I do not want her going out on "dates" with ex-boyfriends and other males. Whether they are gay or not does not make a difference to me. A man is a man. Many of the men she considers gay have not come out of the closet and it sounds like they are either bisexual or have a sexual/lifestyle identity crisis.
Why do women insist on setting up boundaries for men (Are you single and unattached? Are you married, separated, divorced? How long ago did you divorce? Are you seeing other women? How long ago did you break up with your ex) and then do not establish any boundaries for themselves? Shouldn’t setting boundaries be for the couple?
I have gone out with women who consider it okay to get drunk and stay overnight at the homes of other males. One excuse is that they are gay so they are safe. Another excuse is that he is an ex-boyfriend and he goes with another woman. I do not feel comfortable with dating a woman who also goes out with gay men and ex-boyfriends for drinks and either stays overnight at their places or invites them to talk all night at her place. I do not feel comfortable with my girlfriend going out for drinks and spending the night with other men. I do not accept being gay or being an ex-boyfriend as excuses that these friendships are Platonic and "safe." The only man she should be spending the night with should be me. I do not have any other women in my life except her. Gay men, ex-boyfriends, and other Platonic male friends are men that I consider to be "other men still in her business." I date a woman, we break up, and it’s over. I do not carry on unfinished business with ex-girlfriends, bi sexual women who tell me that they think they are in love with me, nor do I go out for drinks and spend the night with other female friends on a Platonic level. I need a partner that thinks the way I do.

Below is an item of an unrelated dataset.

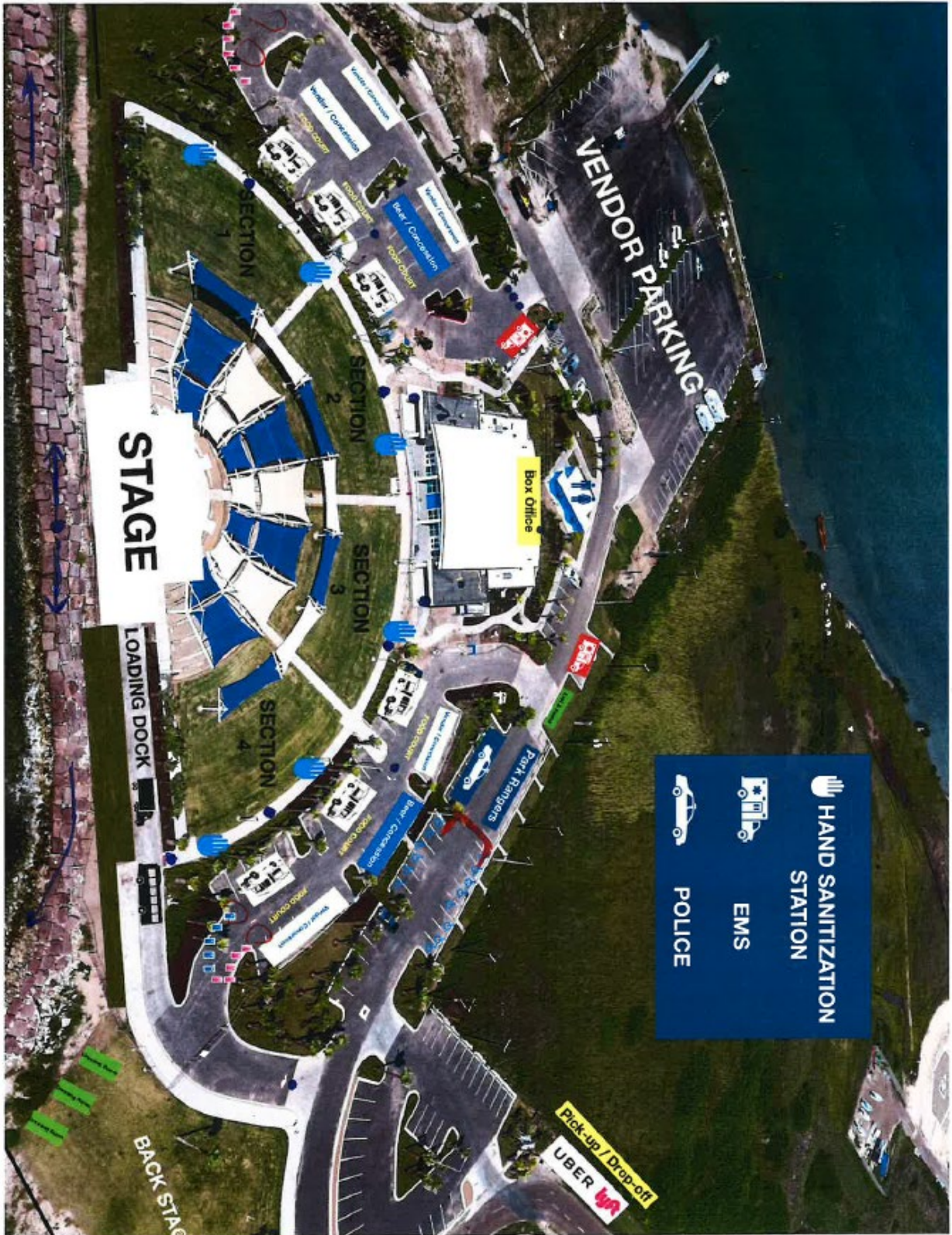
EXHIBIT "A" AMPHITHEATRE EVENT AERIAL MAP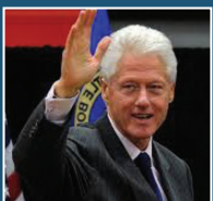
William Jefferson Clinton 42nd President of the U.S. (1993 to 2001)

“There is nothing wrong with America that cannot be cured by what is right with America.”

Do I need to set boundaries with this woman? Do I need to ask her to define what we now have together? Are we boyfriend/girlfriend? Can we agree to go out, exclusively? Do we need to be honest about telling each other about friendships we have with other members of the opposite sex?

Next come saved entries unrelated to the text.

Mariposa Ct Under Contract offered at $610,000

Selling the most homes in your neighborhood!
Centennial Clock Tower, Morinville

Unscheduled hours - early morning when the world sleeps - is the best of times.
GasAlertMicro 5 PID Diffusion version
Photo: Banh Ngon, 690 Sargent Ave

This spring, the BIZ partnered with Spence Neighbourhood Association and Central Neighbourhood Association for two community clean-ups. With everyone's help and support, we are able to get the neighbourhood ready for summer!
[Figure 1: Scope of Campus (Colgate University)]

Lastly, are you in a relationship in which your partner has friends that include ex-partners and Platonic friends? Has your partner ever broken a date with you to see one of these people? How do you feel about your partner going out for coffee, drinks, lunch and dinner, nightclubs with dancing, and spending the night at their place with the statement "all we did was talk all night"? Are their levels to this?

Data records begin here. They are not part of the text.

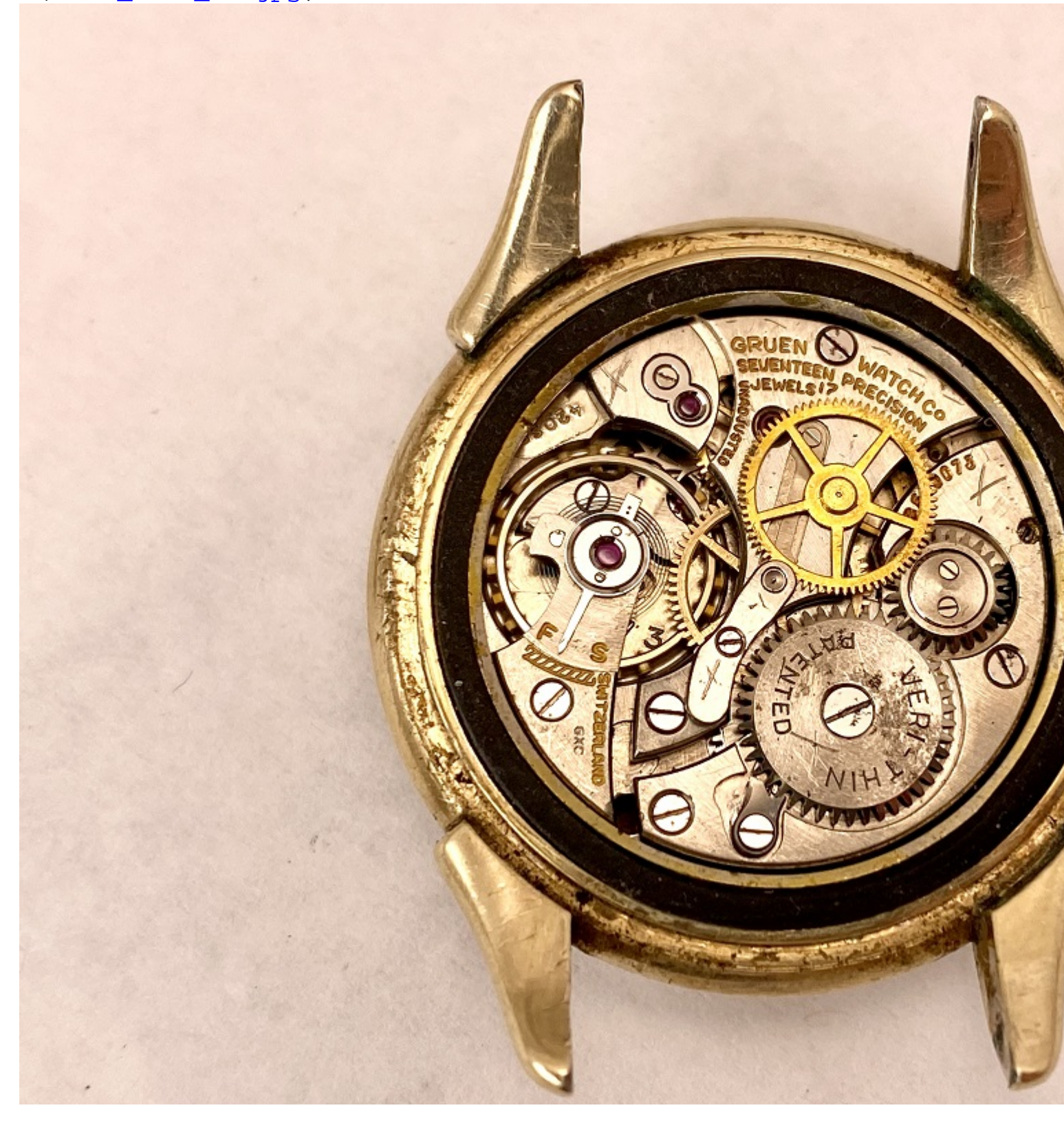
3) IMG_1138_sm.jpg, downloaded 1187 times

2) IMG_1137_sm.jpg, downloaded 1171 times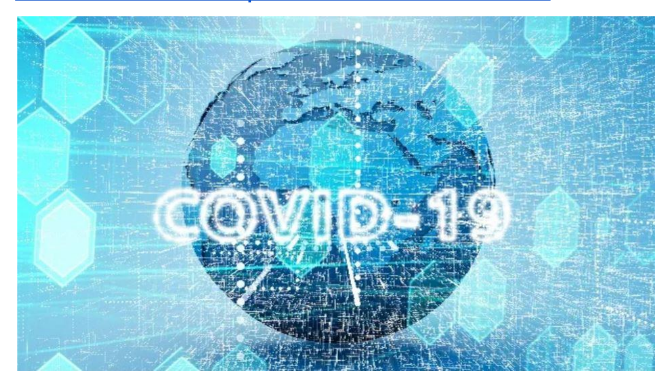
COVID-19 Vaccine Development: An Interview With GeoVax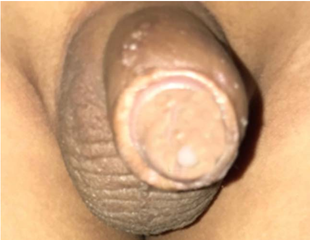
Fig. 1. Preoperative view showing the LC lesion on the penile skin with chylus discharge and chylorrhea from urethral opening; the scrotum showed a normal appearance.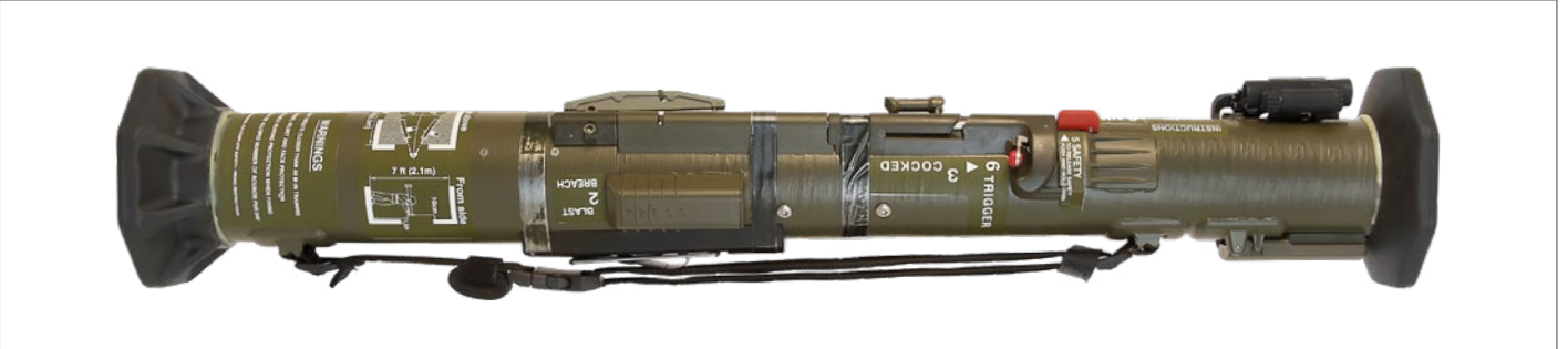
— AT4CS AST -

Level one- coffee or lunch with a member of the opposite sex with a group
Level two- coffee or lunch at the office with that person one on one
Level three- coffee or lunch outside the office- during the work day- no drinking.
Level four- Drinks or dinner
Timmy my boy, let me explain something to you, there are two kinds of people who date. The first kind are people like you, people who look for a potential spouse. Then there are people like your girl who are social daters.
I STRONGLY recommend that you break up with her. Part as friends if you will but what you’re facing now is what you will be facing if you marry her. You cannot set boundaries on people like her. If she accepts your terms she will be very unhappy. If she accepts your boundaries and the two of you marry, she will resent you for making her give up her friends and change her life.
There are tons of girls who are just like you. They date with the intent on finding a potential spouse. That’s what you need and should look for.
She sounds like a lot of fun to be around but she is NOT for you.